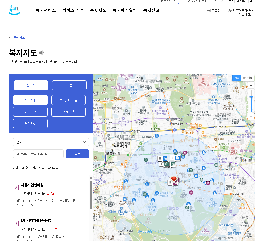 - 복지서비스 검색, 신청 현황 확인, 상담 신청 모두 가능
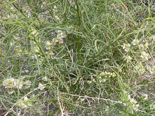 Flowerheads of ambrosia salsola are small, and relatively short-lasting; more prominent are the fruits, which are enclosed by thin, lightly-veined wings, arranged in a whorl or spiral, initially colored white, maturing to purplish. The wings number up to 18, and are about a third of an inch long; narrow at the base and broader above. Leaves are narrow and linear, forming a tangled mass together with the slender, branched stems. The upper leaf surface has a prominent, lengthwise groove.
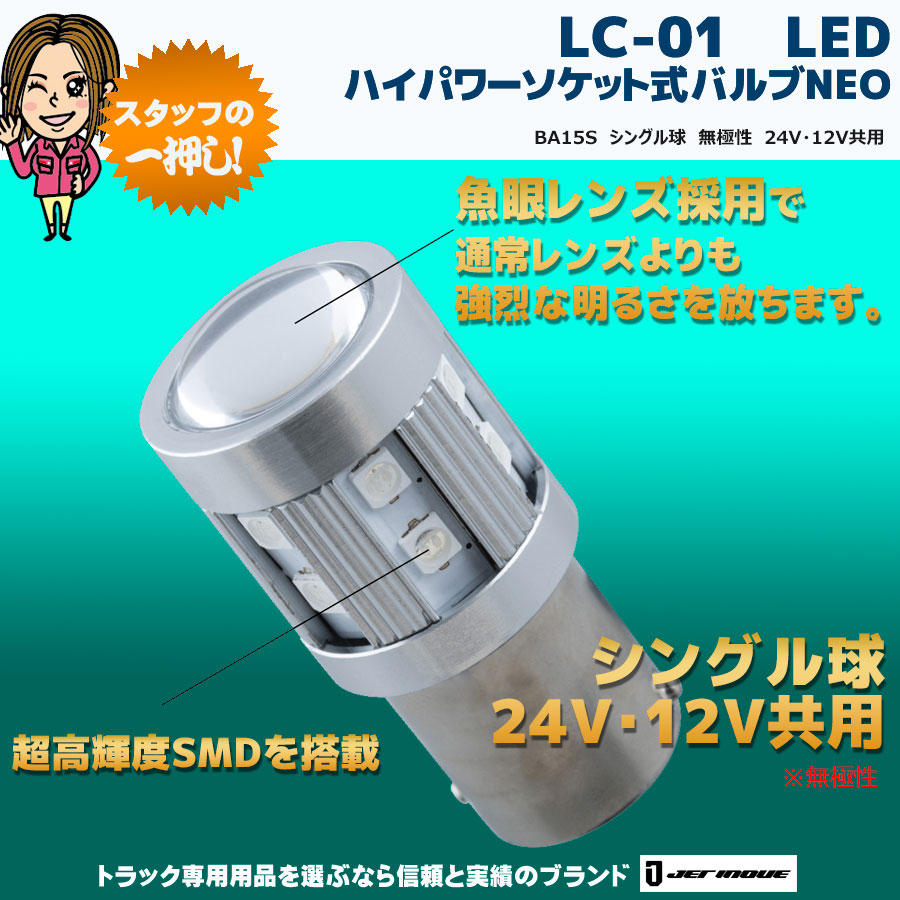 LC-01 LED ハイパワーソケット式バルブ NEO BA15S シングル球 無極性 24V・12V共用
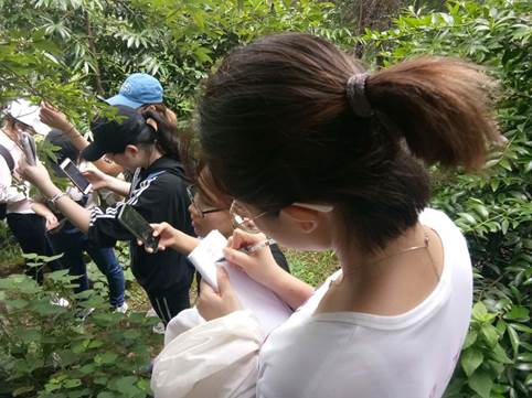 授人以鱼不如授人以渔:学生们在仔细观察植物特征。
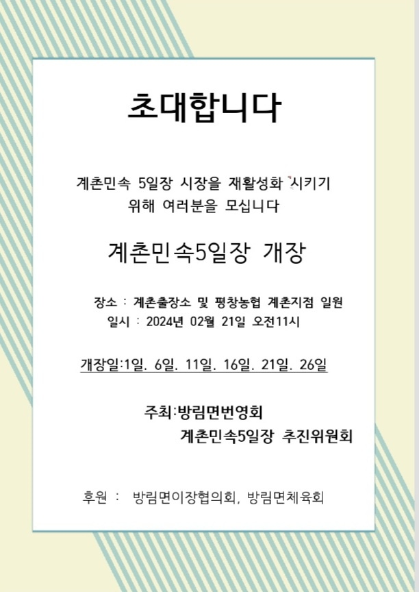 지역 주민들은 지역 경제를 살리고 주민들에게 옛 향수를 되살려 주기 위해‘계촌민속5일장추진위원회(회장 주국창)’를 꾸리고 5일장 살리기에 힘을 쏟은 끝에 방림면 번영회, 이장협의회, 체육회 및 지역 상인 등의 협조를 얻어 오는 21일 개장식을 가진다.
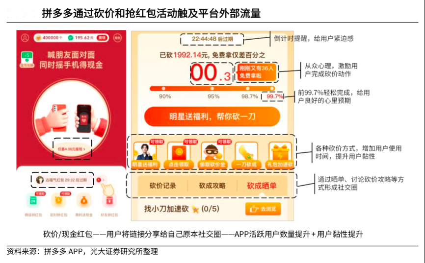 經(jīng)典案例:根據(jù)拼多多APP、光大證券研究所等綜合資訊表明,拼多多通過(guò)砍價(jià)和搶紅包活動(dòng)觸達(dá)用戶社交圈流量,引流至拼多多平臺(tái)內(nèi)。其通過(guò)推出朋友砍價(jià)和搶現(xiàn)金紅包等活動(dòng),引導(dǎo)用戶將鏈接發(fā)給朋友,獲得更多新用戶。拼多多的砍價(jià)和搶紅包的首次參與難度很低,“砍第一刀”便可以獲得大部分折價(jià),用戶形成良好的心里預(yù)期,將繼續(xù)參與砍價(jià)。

═══

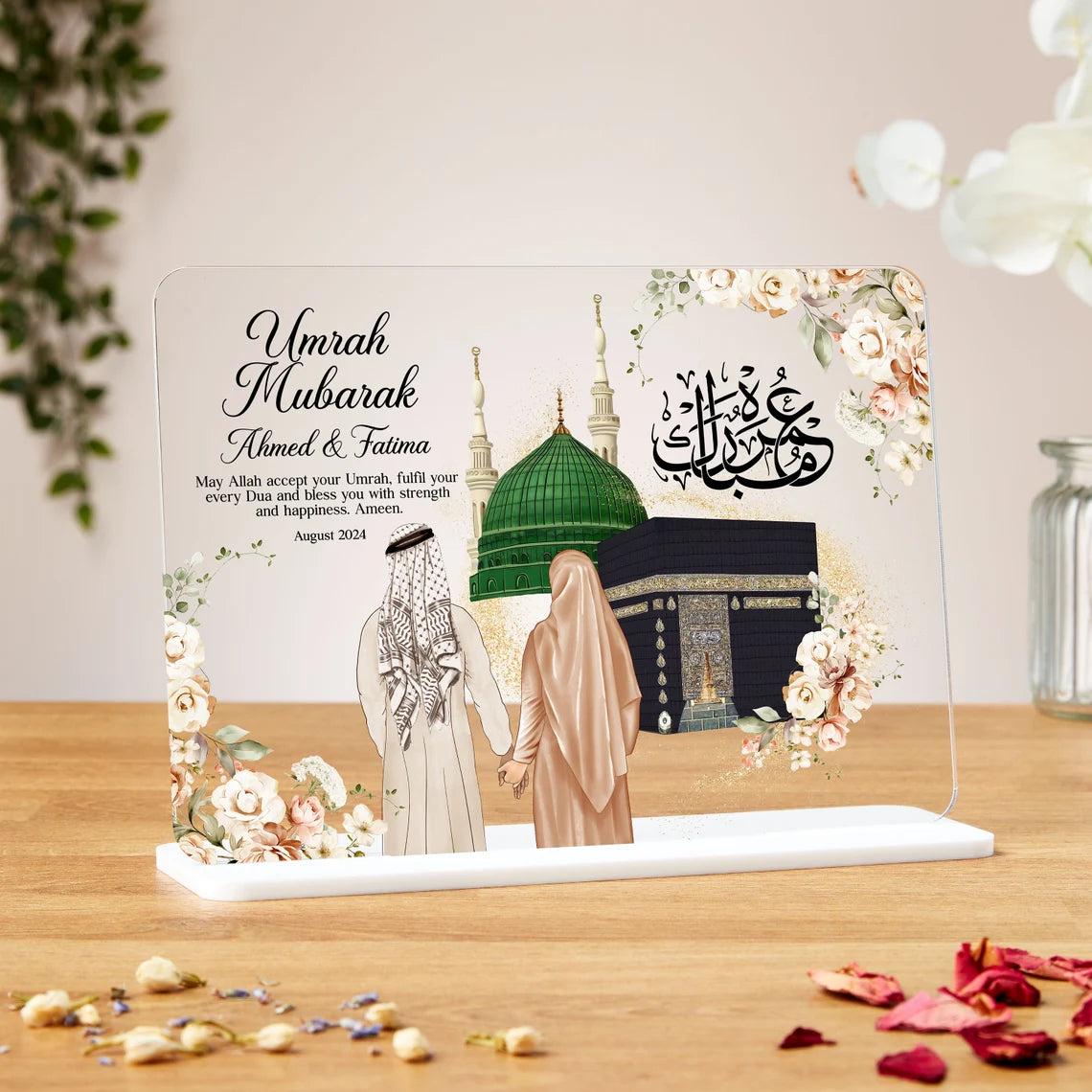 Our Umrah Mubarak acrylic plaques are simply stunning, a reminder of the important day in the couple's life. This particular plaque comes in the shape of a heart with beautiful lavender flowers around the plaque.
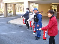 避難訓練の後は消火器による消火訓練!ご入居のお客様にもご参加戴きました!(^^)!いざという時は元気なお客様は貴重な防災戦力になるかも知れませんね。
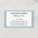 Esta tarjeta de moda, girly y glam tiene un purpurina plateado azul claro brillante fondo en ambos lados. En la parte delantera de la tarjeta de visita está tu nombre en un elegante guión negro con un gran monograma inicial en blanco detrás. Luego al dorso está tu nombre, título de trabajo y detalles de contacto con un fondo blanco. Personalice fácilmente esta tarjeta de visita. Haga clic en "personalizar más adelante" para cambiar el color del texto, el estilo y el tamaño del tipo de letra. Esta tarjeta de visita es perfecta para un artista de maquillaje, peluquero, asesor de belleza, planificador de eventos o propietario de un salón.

═══

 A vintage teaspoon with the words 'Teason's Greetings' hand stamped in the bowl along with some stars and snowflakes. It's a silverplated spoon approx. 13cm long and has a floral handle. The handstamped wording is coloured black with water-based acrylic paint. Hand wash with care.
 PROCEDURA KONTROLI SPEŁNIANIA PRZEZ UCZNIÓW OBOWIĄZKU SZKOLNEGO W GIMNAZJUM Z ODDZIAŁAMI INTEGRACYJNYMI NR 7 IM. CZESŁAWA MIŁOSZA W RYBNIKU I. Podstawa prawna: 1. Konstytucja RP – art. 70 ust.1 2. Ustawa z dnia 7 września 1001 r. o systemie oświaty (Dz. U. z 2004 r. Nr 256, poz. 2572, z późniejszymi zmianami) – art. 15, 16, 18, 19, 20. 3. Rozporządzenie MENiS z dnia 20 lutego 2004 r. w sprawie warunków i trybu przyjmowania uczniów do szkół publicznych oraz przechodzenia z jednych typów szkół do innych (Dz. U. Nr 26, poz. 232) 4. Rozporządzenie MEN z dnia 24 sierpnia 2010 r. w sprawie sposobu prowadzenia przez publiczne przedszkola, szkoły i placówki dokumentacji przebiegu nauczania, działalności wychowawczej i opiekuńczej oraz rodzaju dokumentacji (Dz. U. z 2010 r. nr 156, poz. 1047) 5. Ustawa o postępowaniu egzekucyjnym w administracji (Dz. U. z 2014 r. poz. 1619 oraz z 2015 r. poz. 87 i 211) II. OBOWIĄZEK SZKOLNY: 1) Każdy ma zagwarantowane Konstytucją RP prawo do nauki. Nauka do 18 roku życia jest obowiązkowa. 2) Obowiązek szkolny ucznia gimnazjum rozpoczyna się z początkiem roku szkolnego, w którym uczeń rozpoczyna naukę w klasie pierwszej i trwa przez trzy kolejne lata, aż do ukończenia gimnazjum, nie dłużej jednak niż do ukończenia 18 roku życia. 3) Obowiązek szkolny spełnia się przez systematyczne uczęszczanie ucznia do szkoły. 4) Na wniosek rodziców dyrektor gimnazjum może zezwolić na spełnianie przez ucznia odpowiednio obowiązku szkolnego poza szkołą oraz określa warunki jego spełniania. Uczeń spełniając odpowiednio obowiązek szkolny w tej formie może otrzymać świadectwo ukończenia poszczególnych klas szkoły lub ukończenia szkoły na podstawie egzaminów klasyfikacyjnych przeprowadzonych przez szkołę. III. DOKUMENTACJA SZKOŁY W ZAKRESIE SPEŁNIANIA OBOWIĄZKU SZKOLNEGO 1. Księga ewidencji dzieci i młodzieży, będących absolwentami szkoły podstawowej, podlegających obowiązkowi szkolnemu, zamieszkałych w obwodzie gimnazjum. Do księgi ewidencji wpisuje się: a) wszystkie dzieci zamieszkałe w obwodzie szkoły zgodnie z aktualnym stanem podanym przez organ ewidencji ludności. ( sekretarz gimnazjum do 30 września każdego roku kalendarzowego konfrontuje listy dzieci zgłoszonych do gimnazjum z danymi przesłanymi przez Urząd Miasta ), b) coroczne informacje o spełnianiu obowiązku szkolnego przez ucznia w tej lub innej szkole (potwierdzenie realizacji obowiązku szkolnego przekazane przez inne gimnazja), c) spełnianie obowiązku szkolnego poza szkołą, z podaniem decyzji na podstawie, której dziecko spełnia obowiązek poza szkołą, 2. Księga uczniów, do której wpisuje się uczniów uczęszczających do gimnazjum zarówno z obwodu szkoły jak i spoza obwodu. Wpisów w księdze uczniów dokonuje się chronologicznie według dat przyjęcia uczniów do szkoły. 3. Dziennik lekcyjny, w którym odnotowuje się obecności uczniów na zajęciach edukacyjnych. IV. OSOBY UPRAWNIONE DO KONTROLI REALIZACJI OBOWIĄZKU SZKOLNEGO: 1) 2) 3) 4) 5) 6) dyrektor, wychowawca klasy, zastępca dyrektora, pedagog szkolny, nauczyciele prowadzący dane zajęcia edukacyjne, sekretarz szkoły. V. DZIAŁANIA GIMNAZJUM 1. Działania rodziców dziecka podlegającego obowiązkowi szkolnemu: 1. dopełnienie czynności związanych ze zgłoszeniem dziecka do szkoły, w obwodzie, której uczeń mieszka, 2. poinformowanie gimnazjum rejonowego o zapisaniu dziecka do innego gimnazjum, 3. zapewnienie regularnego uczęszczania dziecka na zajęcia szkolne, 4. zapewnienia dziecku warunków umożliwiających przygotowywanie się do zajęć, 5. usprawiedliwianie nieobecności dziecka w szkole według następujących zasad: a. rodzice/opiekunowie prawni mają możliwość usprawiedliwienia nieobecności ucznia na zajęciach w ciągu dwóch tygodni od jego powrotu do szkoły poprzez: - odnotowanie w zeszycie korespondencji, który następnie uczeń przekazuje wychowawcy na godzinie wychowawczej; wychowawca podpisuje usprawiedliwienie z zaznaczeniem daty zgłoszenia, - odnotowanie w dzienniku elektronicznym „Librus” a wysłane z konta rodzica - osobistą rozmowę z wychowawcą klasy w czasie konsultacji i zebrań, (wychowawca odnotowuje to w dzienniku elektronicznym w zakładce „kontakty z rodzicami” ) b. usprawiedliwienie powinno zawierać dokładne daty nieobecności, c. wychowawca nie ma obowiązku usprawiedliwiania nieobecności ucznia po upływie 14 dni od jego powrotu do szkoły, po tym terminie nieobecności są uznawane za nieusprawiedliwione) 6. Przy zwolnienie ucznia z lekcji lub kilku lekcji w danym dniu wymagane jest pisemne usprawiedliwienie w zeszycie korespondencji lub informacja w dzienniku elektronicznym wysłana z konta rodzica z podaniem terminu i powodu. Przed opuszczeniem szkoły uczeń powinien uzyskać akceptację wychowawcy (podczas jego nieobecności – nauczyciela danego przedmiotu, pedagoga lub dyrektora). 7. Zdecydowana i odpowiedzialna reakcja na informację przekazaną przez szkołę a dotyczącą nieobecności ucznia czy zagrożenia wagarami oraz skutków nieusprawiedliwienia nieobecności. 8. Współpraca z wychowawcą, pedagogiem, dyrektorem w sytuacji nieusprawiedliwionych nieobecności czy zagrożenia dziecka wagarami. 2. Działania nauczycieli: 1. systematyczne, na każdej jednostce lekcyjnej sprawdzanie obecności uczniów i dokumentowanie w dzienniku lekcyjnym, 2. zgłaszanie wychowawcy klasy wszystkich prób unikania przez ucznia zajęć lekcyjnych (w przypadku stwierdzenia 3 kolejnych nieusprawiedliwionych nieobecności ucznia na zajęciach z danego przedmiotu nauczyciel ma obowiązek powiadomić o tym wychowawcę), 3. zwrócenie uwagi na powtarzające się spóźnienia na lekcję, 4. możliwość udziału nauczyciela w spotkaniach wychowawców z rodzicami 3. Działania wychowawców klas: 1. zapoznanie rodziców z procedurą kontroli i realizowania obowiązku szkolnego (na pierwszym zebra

═══

• [EXERCISE GOAL] Look through the material above. Transcribe exactly the lines between the ones with "지역 주민들은 지역 경제를" and "經(jīng)典案例:根據(jù)拼多多", inclusive, and keep pictures out.

• [ANSWER FOR THE TASK]
 지역 주민들은 지역 경제를 살리고 주민들에게 옛 향수를 되살려 주기 위해‘계촌민속5일장추진위원회(회장 주국창)’를 꾸리고 5일장 살리기에 힘을 쏟은 끝에 방림면 번영회, 이장협의회, 체육회 및 지역 상인 등의 협조를 얻어 오는 21일 개장식을 가진다.
 經(jīng)典案例:根據(jù)拼多多APP、光大證券研究所等綜合資訊表明,拼多多通過(guò)砍價(jià)和搶紅包活動(dòng)觸達(dá)用戶社交圈流量,引流至拼多多平臺(tái)內(nèi)。其通過(guò)推出朋友砍價(jià)和搶現(xiàn)金紅包等活動(dòng),引導(dǎo)用戶將鏈接發(fā)給朋友,獲得更多新用戶。拼多多的砍價(jià)和搶紅包的首次參與難度很低,“砍第一刀”便可以獲得大部分折價(jià),用戶形成良好的心里預(yù)期,將繼續(xù)參與砍價(jià)。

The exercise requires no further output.